First things first, heat the grill and pick the correct vegetable! Don’t put pea shoots on the grill – you’ll need something sturdy. Asparagus, corn, eggplant, sweet potatoes, mushrooms, peppers, onions, and greens like lettuce or cabbage do well on the grill.
Next, use some oil. We don’t want our vegetables to dry out, so make sure to toss them with a bit of oil before placing them on a grill. This will also help your seasonings stay on as you rotate them over the heat.
Since vegetables are all created differently, some take longer to cook over others. Dense veggies (like sweet potatoes) will take longer than say, asparagus. We don’t want to keep them on high heat for too long, as the outside will char while the inside will stay undercooked. Sear the vegetables over high heat, flip once, and then move them to indirect heat to finish cooking.

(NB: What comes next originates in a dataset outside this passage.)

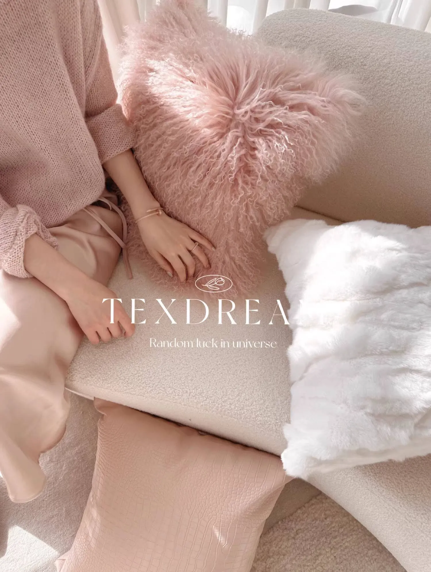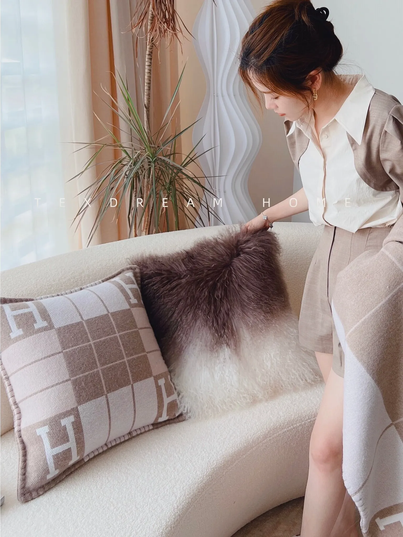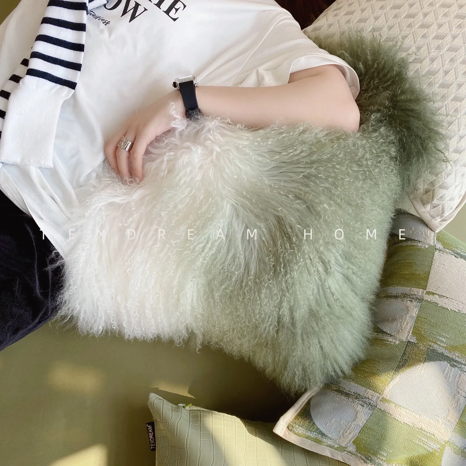 Texdreamのスタイル 羊毛レザー製クッションカバー|インテリアにぴったりのラグジュアリー感!高級感あふれるサンプルルームやソファ、ベッドヘッドに最適なアイテムです。

Don’t make a mess! Use a wire basket or some foil to keep the smaller vegetables from rolling away. Skewers work well, too. We like making foil packets so that the vegetables cook quickly – and the easy clean up is a huge time saver! Place a large piece of foil on the counter and lay sliced vegetables on it. Don’t put too many, they will still need room to breathe. Leave a 2 inch border around the sides and place another piece of foil on top. Fold up the sizes, making a packet. Once you place it on the grill (indirect heat), let it sit for 12-15 minutes or until tender.
Think about the chop. The size that you chop your vegetables will effect your cooking time. Make sure to use a uniform size for each vegetable so that they finish cooking at the same time.